Choosing an artist to work with is not about the money or second guessing what new trend or image the industry might be after. It is based upon the simple, time honoured approach of good songs and good attitude. “It goes without saying — it’s all about the music. If I’m going to invest time and energy into a new project I have to be sold on the songs. I also look for artists who are motivated and who I can get along with.”

This has resulted in her working on an ongoing basis with three select artists — Elephant Eyes, Sleepy Dreamers and Marmalade Ghost.

Her website reflects her values with a black and white aesthetic that reminds me of the kinds of imagery associated with the inner city Melbourne band scene of the early 90s, especially Fitzroy. It is a classic look that sits well with her dedication to quality music and strong personal relationships.

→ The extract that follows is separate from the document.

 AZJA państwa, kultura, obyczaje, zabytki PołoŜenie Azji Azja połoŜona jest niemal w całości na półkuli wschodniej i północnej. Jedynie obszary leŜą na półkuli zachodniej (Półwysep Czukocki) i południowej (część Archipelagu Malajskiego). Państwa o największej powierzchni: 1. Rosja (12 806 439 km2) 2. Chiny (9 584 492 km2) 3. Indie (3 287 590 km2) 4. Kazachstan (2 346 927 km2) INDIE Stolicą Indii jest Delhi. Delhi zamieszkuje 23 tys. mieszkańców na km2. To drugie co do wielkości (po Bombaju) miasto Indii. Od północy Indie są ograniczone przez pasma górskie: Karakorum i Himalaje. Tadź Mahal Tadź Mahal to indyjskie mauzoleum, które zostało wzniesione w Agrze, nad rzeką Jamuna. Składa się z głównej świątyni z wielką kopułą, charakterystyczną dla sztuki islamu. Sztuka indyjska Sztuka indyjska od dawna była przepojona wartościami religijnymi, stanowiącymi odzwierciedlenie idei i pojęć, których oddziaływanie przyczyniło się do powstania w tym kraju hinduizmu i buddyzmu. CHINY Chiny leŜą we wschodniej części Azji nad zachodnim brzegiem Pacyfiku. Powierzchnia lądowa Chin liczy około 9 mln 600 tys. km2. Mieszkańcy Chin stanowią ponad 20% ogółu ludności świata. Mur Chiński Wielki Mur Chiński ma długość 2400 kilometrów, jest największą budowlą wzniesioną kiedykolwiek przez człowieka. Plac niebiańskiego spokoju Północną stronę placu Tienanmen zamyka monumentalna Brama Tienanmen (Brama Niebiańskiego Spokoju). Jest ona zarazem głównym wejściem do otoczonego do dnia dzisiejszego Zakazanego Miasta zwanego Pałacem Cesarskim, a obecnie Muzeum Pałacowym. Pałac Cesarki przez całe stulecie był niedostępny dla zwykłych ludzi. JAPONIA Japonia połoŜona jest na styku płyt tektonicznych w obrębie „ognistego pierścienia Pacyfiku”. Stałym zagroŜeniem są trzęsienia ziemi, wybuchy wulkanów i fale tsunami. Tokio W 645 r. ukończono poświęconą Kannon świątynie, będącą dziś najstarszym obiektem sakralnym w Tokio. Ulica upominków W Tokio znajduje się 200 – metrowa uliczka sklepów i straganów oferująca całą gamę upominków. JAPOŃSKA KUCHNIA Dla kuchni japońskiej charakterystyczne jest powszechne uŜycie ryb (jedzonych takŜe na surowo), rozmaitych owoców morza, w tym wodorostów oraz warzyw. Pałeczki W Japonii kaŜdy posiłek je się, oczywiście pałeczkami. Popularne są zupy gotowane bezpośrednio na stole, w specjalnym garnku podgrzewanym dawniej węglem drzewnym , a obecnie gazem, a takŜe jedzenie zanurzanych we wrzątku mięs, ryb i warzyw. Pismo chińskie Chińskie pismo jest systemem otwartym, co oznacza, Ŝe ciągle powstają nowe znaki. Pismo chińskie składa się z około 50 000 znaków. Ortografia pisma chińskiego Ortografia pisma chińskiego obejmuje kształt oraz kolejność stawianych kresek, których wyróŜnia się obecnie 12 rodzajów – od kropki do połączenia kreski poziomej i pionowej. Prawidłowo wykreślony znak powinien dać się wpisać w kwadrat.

There is no doubt that the music industry is becoming tougher for new artists and many would say it has never been harder to get a start as a musician. Downloading and especially free and illegal downloading has made it very tough to make money from releases, while new and smaller bands can find touring prohibitively costly.

The days when an independent artist could sell a decent amount of records and get paid for their efforts seem to be long gone. So how does Robertson see new and smaller artists making their way in the industry? “More than ever artists need to be self-sufficient. Obviously from a financial perspective it’s desirable to be able to do more yourself but when it comes time to expand the team and involve others (ie. publicist, manager, booking agent) you have the knowledge and skill set to understand what they can and what they should be able to do for you.”

The industry is full of stories of artists being ripped off and exploited — education is the key more than ever. “With the ever-changing way fans consume music I think artists should continue to assess the way they release music and monitor what works,” Robertson adds.

The future looks bright for Maths and Magic. “The wheels are in motion and plans are being made for the artists on the management roster. There are some new releases in the works and many exciting gigs being booked”.

Robertson brings a real love of music to the business and perhaps it is indicative of the times that makes this so refreshing. Her artist roster makes honest and real music and while most of the industry is about the ‘maths’ these days she is demonstrating that there is still a place for ‘magic’.